'Mr Wilder and Me' — Anti-fascist punch hidden in light reading

December 6, 2020
Issue 
Cover of Mr Wilder and Me by Jonathan Coe

Mr Wilder and Me
By Jonathan Coe
Penguin, 2020, 246 pp., $26.99

Originally from Austria, Billy Wilder was a force to be reckoned with in Hollywood from the 1930s, gathering 28 Oscars in his illustrious career. In the early 1960s his string of hits started to falter and, in the town where you are only as good as your last movie, he hit the skids.

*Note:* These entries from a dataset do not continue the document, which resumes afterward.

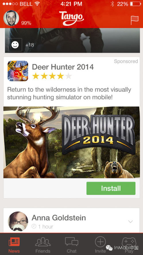 借助这样三大手段,InMobi终于解决了原生广告的规模化难题,这无疑是为全球上千万App开发者带来的好礼物。目前,该原生广告平台已经在Tango等全球领先App开发商进行了实施并获得了大量好评。该平台通过强有力的广告定制功能,充分适配诸如视觉呈现、互动元素和社交分享按钮等各种微小细节,从而帮助Tango实现其盈利目标而又很少干扰用户体验。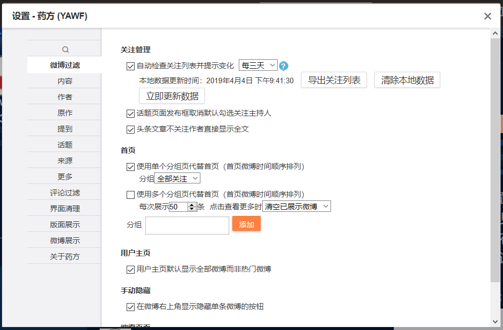 您可以在“微博过滤”选项卡根据需要调整展示哪些微博,此外可以切换到“微博过滤 - 更多”隐藏掉各类您不想看到的微博。“界面清理”、“版面展示”、“微博展示”三个选项卡提供了对页面绝大多数元素的清理和自定义功能。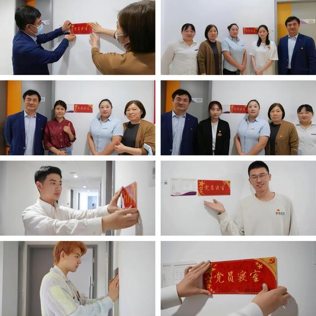 最后,公司党总支书记韩永胜老师、党总支副书记王春云老师前往员工社区,为员工党员代表寝室贴牌并合影留念。其余党员也是纷纷将这块象征着责任和使命的“党员寝室”之牌张贴到了各自的寝室门口。
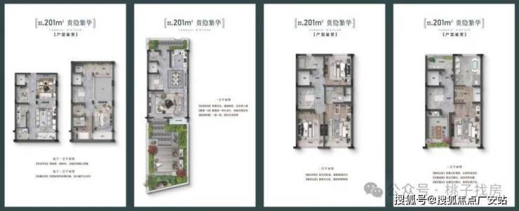 合院采用地上三层+地下两层布局,边套带三面花园(100-150㎡),主卧套房配备星空双露台35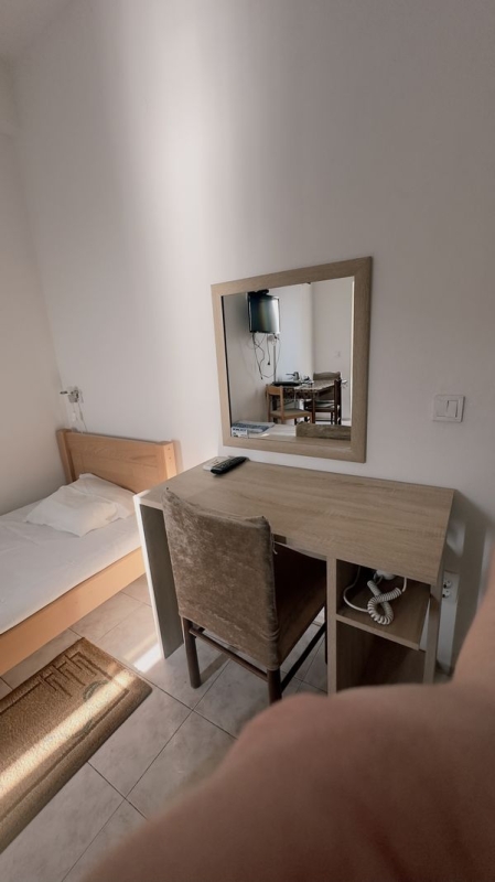 Površina prostorije: 25 m2Studio apartman za dvije osobe, sa kupatilom, klimom, tv-om, frižiderom i kuvalom za vodu.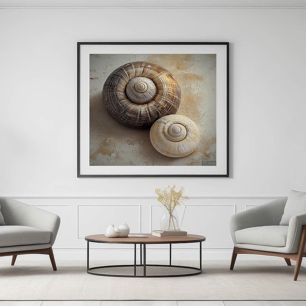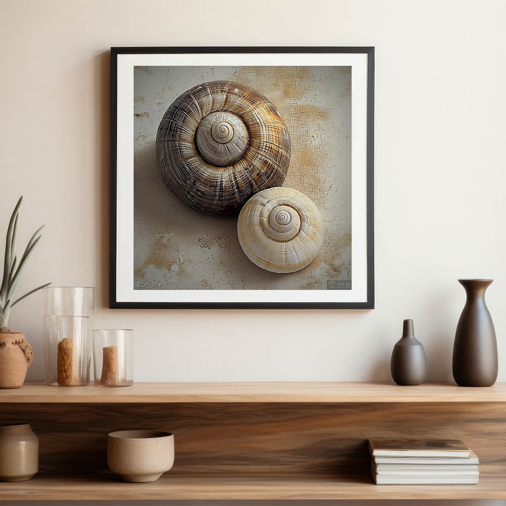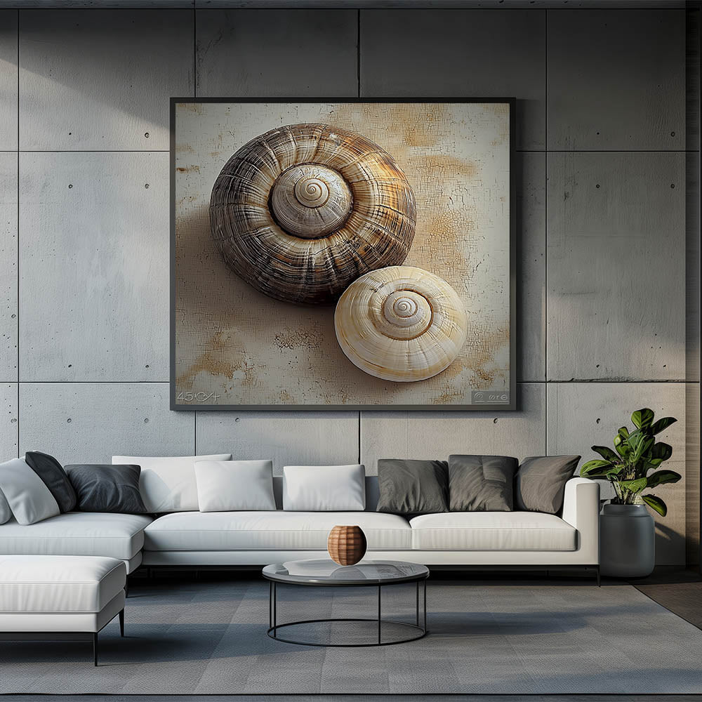 Infuse your home with the timeless beauty of natural textures with this Spiral Shells wall art. Featuring two intricately detailed shells in earthy beige and brown tones, this artwork celebrates the elegance of organic forms. The subtle textured background adds depth and character, making it a perfect addition to modern, coastal, or rustic decor themes.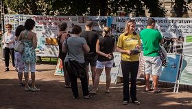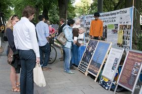 人来人往的大道旁立着“法轮大法洪传世界”及“呼吁停止迫害法轮功”的横幅,几块展板整齐地摆放在征签桌的旁边。“法轮大法”横幅前,几位学员演示着功法。祥和的功法吸引着一批又一批的游人观看,展板前的人们震惊于发生在中国的迫害的残酷,纷纷谴责中共暴行。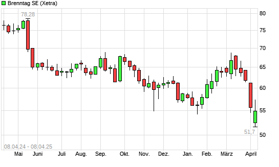 Mit dem Rücksetzer auf 55,16 EUR hat die Brenntag-Aktie (ISIN DE000A1DAHH0) am 07.04.2025 ein neues 3-Jahres-Tief erreicht und damit den Kurs vom 13.01.2025 eingestellt.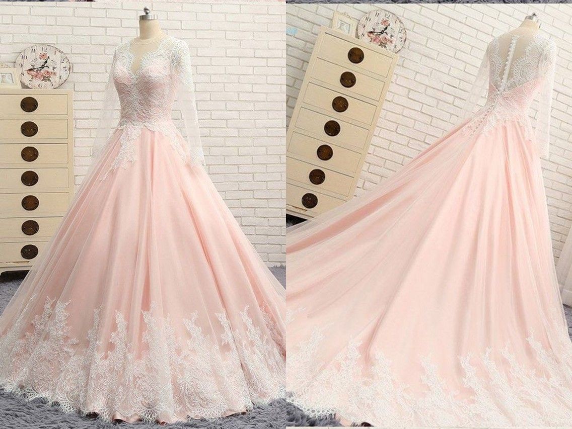 Pink Lace Long Sleeves Ball Gowns Wedding Dresses Alinanova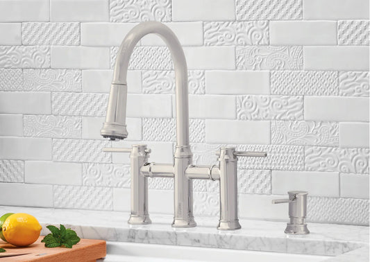 Perrin & Rowe Southbank Pull-Down Bridge Kitchen Faucet Dual Spray 1.8 GPM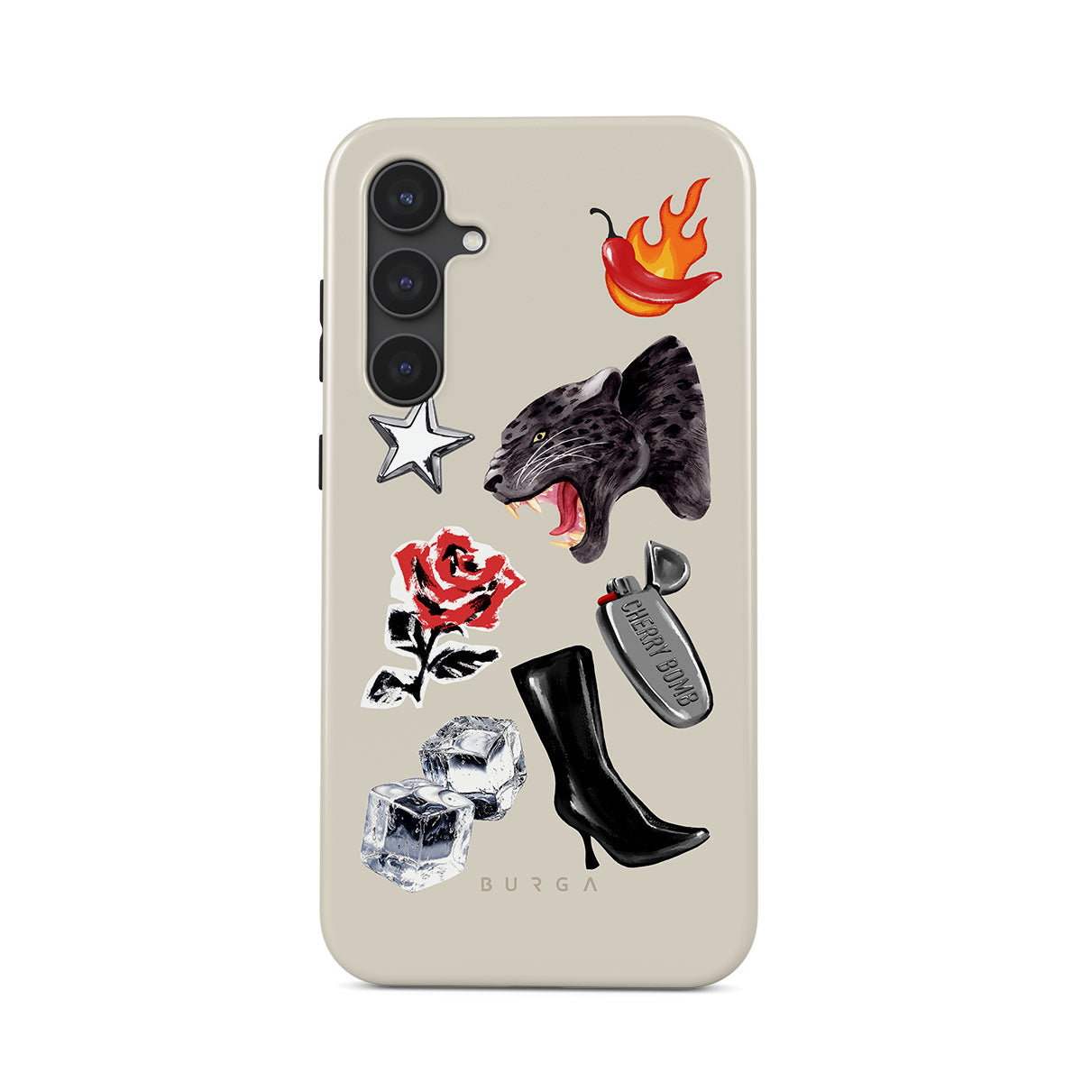 This design features: black panther, red rose, burning bell pepper, silver lighter, black knee-high boots, ice cubes, silver star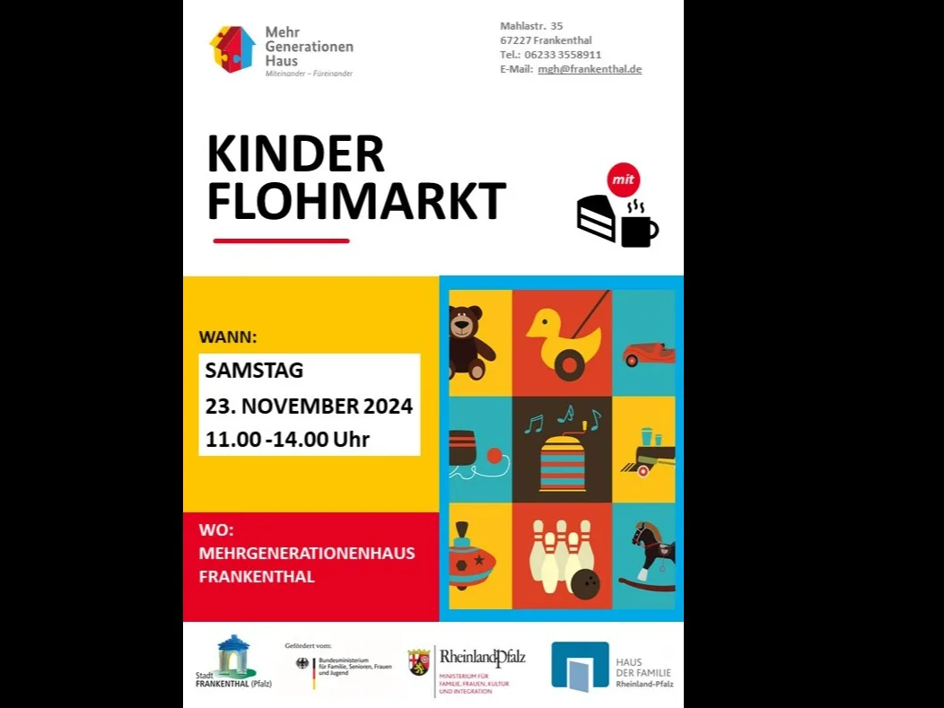 Am Samstag, den 23. November lädt der Sprach-Frauen-Treff aus dem MGH gemeinsam mit dem Mehrgenerationenhaus zum Kinderflohmarkt von 11.00 – 14.00 Uhr ein. Wetterunabhängig findet der Kinderflohmarkt in den Innenräumen des Mehrgenerationenhaus statt. An diesem Tag können Sie „Alles rund ums Kind“ erwerben.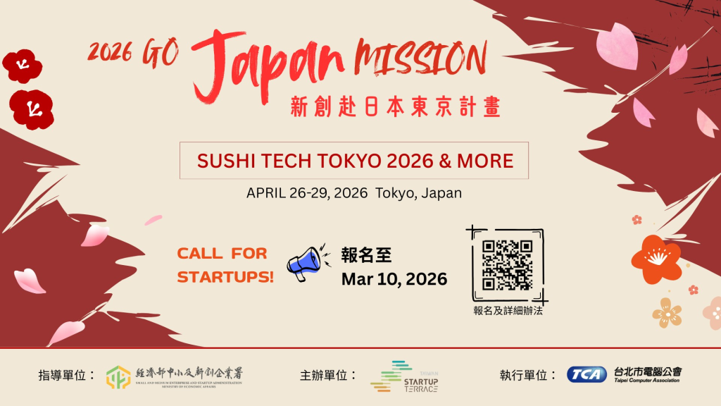 ✈️ 2026 Startup Terrace 國際拓展計畫正式啟動,持續帶領我國具潛力的優秀新創團隊走向國際舞台 🌍!將遴選 15 家臺灣潛力新創,一同前進 #日本東京永續高科技城市展 SusHi Tech Tokyo 🚀,並安排與創投及國際指標企業的精準媒合,協助臺灣新創深入掌握日本新創生態系關鍵機會與資源,拓展日本市場布局新藍圖!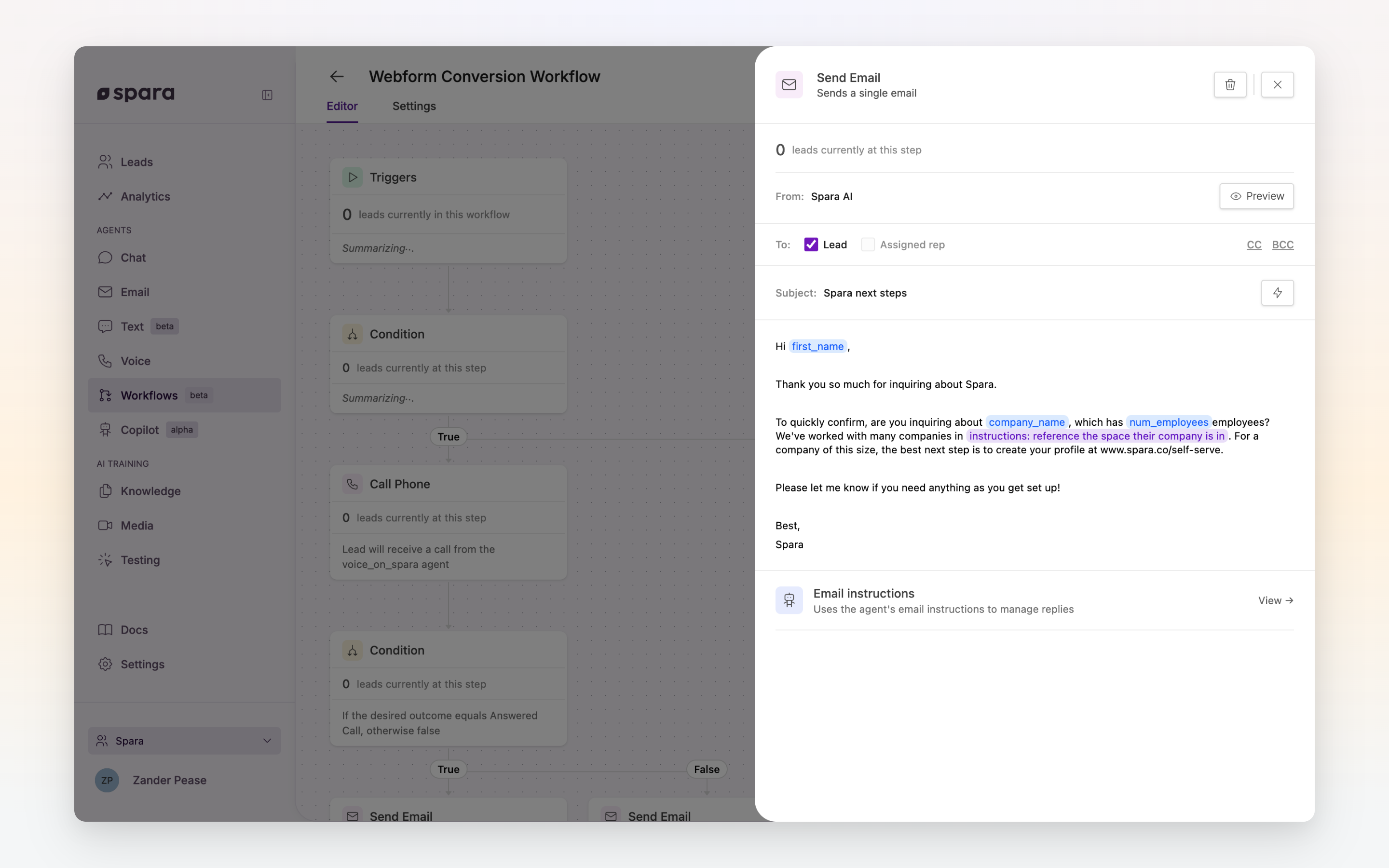 Both the subject line and body support [variables](https://github.com/spara-ai/spara-app/blob/gitbook/gitbook/documentation/agents/workflows/using-variables.md). Use the **Insert menu** (⚡) to browse and insert available lead data fields.

In Mr Wilder and Me we meet him in the 1970s as he makes his final film, Fedora, which is somewhat of an allegory of his own story – an aging, washed up character still possessed by a creative spark. The novel is narrated by a young Greek woman, Calista who quite accidentally works as a translator on the Greek island locations.

As an innocent abroad in this exotic movie world she slowly discovers the back story to Billy Wilder and so leads the reader through a history lesson about his films.

That would make for nothing more than a diverting holiday read except for an abrupt change mid-way through the novel where Coe stops writing in the narrator’s voice and instead gives us an object lesson in how Wilder wrote his scripts. But the script is the story of his life in the movies and how he fled Nazi Germany.

It is a powerful anti-fascist piece of writing, and it is followed with a note-perfect joke that is completely in keeping with Wilder’s comic style.

It was around this point that I realised that each time I stopped to contemplate a passage, or laughed out loud or even turned the page it was at a time decided for me by Jonathan Coe. He is an unobtrusive yet masterful story teller.

Mr Wilder and Me is not high art but is a Christmas time reading indulgence with a bit of a punch.